▸ Try it
How many lines of the data include the string "side"? State the number and nothing else.

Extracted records
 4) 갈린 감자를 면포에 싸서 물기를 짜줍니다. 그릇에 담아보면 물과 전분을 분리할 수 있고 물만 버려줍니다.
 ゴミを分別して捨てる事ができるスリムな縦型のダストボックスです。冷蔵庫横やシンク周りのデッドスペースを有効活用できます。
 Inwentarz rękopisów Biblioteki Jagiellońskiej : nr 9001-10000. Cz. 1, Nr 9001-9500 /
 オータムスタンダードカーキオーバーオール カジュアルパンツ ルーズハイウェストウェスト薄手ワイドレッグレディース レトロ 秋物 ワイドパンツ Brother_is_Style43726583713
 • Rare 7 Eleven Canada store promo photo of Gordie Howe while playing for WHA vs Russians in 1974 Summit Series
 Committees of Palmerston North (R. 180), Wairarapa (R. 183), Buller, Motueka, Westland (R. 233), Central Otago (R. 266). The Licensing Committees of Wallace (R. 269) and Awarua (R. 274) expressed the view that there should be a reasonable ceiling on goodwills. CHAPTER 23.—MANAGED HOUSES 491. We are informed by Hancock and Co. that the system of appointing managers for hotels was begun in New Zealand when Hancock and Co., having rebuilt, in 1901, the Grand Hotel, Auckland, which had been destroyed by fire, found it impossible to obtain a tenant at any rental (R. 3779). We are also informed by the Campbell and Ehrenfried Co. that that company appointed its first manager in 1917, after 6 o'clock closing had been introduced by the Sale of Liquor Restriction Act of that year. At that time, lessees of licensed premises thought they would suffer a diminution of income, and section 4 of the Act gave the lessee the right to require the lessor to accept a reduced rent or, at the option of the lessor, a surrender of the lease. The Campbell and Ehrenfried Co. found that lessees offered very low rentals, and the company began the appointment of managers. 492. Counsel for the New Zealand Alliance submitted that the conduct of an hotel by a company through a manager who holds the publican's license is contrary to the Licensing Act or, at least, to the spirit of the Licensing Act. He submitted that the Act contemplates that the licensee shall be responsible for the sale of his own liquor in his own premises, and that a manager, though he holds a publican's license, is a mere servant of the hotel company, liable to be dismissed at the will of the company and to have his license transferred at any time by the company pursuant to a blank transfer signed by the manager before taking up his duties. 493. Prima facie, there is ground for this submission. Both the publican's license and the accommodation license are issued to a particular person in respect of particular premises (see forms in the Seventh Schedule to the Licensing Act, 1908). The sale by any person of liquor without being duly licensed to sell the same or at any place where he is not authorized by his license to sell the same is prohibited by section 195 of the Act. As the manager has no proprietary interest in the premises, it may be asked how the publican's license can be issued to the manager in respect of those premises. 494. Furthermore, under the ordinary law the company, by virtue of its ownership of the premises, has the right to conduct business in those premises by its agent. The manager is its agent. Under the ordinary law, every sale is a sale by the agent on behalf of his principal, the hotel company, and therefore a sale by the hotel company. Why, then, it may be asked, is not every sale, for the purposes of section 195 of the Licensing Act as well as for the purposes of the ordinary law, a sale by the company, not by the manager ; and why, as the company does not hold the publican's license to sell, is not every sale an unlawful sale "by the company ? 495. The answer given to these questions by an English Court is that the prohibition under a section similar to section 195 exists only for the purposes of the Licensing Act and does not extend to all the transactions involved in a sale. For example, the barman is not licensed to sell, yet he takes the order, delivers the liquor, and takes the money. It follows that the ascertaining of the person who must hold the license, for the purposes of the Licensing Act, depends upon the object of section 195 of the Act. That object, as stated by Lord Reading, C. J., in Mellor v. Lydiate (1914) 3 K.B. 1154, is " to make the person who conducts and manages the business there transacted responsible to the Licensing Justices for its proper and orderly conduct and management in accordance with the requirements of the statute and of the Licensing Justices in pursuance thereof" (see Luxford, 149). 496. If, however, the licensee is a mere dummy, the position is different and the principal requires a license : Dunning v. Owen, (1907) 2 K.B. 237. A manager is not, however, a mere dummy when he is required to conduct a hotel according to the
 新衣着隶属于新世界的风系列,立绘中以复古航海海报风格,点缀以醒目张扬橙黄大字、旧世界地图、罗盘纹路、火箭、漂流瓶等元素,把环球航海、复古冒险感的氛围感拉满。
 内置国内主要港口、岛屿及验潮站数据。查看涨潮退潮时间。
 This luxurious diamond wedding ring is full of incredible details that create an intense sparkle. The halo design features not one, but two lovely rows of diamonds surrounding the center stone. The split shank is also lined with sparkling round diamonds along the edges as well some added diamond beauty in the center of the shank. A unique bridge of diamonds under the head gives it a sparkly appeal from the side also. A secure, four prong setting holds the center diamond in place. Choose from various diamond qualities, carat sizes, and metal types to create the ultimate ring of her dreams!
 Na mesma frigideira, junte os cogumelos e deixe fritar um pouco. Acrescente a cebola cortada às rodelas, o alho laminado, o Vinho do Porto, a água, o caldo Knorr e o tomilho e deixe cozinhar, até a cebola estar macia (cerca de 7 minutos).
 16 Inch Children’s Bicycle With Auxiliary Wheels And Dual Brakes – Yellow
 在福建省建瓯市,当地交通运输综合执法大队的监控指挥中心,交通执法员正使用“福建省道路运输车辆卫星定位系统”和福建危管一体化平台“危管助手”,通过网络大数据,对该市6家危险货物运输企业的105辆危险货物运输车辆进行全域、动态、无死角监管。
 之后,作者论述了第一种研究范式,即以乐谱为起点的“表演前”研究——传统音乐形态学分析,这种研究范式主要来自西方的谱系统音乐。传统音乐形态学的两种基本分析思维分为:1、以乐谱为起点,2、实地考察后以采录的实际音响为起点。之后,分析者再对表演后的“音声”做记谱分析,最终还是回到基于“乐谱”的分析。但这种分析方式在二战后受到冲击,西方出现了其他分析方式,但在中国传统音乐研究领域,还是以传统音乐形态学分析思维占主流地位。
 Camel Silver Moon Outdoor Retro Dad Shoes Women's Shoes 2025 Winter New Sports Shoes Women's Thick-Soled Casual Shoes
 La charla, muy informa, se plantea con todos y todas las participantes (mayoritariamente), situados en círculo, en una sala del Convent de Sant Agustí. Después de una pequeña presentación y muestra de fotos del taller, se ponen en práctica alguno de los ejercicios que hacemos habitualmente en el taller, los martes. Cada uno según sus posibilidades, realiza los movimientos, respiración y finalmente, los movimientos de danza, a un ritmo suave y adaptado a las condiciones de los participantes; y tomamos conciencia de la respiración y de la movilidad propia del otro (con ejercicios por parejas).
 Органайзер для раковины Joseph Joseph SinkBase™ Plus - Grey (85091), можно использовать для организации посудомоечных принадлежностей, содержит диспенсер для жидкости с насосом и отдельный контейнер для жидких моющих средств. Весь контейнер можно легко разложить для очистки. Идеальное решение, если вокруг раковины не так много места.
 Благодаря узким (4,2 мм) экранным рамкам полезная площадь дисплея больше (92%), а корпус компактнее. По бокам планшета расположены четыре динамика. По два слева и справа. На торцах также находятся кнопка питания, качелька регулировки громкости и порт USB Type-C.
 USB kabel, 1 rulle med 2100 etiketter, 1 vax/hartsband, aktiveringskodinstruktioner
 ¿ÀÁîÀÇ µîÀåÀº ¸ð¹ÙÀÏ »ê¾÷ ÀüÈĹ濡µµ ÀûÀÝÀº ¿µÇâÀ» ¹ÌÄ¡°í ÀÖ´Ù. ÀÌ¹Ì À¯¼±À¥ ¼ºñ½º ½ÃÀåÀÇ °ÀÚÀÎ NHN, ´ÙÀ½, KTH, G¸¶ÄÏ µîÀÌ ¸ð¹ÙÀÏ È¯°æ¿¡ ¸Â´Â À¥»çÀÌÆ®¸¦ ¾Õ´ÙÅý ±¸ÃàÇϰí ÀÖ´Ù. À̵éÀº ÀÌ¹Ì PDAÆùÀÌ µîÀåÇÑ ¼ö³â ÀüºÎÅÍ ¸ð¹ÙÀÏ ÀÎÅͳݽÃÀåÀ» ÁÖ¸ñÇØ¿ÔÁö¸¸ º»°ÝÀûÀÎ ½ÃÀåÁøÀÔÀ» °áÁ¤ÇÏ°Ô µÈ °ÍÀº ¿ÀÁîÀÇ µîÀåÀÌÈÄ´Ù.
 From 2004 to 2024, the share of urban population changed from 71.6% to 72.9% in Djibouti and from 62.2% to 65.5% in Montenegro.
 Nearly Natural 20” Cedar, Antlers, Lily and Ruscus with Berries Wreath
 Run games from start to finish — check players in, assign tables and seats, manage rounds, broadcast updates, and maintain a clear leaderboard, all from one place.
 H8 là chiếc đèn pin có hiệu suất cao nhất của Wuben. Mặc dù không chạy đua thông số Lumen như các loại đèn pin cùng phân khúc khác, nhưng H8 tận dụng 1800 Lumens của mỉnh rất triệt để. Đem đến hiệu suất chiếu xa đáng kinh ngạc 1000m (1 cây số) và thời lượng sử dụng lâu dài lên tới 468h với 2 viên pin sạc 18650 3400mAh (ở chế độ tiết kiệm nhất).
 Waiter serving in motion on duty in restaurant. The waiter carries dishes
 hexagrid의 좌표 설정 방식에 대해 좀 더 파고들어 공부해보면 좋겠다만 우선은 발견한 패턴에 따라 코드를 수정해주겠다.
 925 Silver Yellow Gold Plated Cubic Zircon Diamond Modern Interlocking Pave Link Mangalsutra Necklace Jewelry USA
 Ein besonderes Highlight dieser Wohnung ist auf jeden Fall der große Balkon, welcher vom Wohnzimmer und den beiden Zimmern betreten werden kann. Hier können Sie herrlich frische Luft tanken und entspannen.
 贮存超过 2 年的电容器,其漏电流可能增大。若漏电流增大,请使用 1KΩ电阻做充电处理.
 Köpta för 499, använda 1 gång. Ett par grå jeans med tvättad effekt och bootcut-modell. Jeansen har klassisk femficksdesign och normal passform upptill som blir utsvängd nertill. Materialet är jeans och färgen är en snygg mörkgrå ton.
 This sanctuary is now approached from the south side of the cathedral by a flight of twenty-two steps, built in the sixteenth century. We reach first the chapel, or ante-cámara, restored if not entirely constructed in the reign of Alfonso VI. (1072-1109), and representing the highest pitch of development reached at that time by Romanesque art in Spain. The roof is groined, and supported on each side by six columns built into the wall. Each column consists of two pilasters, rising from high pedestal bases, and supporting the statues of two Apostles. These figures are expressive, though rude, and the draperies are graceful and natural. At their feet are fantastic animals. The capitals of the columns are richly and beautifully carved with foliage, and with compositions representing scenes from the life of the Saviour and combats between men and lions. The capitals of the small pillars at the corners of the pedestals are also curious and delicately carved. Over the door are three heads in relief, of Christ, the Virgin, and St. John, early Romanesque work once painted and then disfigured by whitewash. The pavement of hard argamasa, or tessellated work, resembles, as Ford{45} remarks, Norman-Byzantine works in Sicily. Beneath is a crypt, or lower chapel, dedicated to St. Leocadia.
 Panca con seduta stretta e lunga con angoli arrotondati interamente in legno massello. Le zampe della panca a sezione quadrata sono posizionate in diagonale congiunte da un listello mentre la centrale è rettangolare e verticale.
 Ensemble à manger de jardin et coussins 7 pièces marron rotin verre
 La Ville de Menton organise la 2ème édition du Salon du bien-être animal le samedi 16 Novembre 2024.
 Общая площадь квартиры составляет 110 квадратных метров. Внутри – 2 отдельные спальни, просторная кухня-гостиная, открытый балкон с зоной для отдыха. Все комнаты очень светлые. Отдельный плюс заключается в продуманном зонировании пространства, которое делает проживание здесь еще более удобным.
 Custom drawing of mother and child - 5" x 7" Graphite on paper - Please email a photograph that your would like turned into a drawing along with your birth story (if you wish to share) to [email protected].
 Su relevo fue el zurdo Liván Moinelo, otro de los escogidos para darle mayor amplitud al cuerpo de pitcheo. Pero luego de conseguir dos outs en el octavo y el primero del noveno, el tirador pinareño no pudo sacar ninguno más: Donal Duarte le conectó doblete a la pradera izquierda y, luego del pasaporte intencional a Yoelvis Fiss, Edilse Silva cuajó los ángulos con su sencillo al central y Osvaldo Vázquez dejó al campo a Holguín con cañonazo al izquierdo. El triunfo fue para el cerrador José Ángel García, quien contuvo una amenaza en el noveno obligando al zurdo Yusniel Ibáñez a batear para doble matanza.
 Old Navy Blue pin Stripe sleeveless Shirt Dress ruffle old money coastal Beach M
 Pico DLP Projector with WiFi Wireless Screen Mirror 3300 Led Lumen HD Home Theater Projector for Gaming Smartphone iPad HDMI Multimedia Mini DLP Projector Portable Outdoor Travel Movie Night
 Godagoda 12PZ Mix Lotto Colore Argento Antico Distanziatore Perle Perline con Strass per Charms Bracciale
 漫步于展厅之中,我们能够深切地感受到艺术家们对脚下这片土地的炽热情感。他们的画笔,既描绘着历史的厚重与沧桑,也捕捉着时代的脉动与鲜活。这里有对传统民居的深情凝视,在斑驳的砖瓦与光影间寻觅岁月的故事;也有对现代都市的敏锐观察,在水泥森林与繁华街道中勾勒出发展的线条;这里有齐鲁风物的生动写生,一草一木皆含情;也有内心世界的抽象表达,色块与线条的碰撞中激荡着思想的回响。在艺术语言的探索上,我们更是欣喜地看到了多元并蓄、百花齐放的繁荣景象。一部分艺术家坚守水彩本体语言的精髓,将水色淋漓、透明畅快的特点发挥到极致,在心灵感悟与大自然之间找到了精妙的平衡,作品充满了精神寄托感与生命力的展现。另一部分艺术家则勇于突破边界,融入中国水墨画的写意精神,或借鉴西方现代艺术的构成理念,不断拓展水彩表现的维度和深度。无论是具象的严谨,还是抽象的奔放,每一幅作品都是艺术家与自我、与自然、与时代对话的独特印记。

▸ Solution for this task
2